00:28:32.360 Let’s shift gears a bit. How many times have you been working on your feature, only to switch over to code review and manage to run into merge conflicts because you had different migrations than another developer?
00:28:55.040 Isn’t it nice to have isolated databases for each branch? This capability is entirely feasible with SQLite. With just two lines in your configuration, you can use your branch name as a database name and ensure all setups run when you switch branches.
00:29:16.880 You just need to make sure that the proper migrations run, and once you start Rails, it populates everything correctly. Switching between branches becomes seamless.
00:29:38.079 Now, let’s address the need for backups. Persistence is crucial when dealing with production data. This can feel risky because I know I have deleted production SQLite files in the past.
00:30:02.120 Fortunately, there are various tools that you can use for SQLite, and one of my favorites is a tool called Lightstream. It allows you to stream all write operations from your SQLite database into an S3 compatible bucket.
00:30:24.920 In the Ruby community, we have created a gem that includes this functionality. You can easily integrate it into your application by running a simple Rails generator command.
00:30:50.520 I know we are moving quickly here at the end, but there is so much to discuss about the enhancements available for SQLite. Lastly, I want to talk about the Lightstack project.
00:31:18.280 For those who haven't heard of it, Lightstack allows you to back every functionality of your Rails application with SQLite. From the database server to cache servers and job processing, you can use SQLite for all these components.
00:31:39.080 You can run everything on a minimal $4 a month Digital Ocean server. Installation is straightforward, and it integrates automatically with your Rails app.
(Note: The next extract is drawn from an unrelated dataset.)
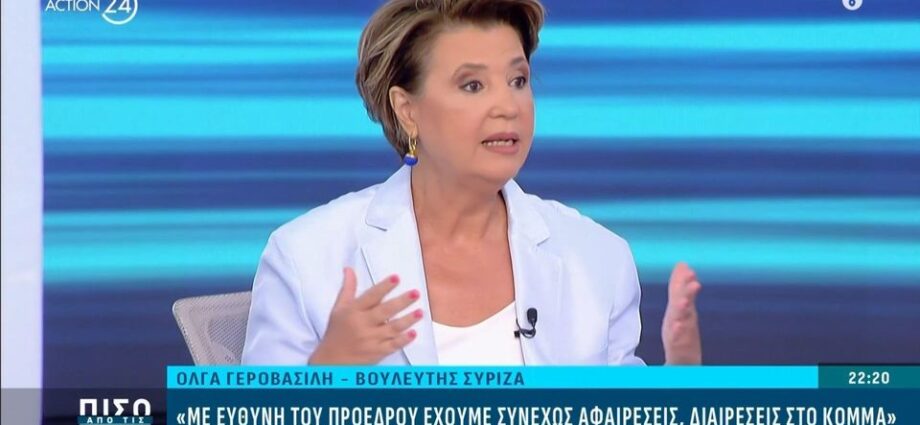 Την αγωνία της για την επόμενη ημέρα του ΣΥΡΙΖΑ και τη συνοχή του κόμματος εξέφρασε η Όλγα Γεροβασίλη απευθύνοντας έκκληση στον πρόεδρο του κόμματος, Στέφανο Κασσελάκη, να πάει σε εκλογές από τη βάση.

00:32:04.520 I hope at the end of this session, you feel a bit warmer to the idea that, especially within the Rails community, we are at the cutting edge of leveraging SQLite for web applications.
00:32:28.920 It absolutely makes sense for certain apps and contexts to embrace SQLite in production. Thank you for your time.
00:32:45.240 Now we have a little time for questions. Please raise your hand if you have any inquiries.
00:32:59.360 Thank you again to our speaker, Stephen Margheim, and please give him a warm round of applause.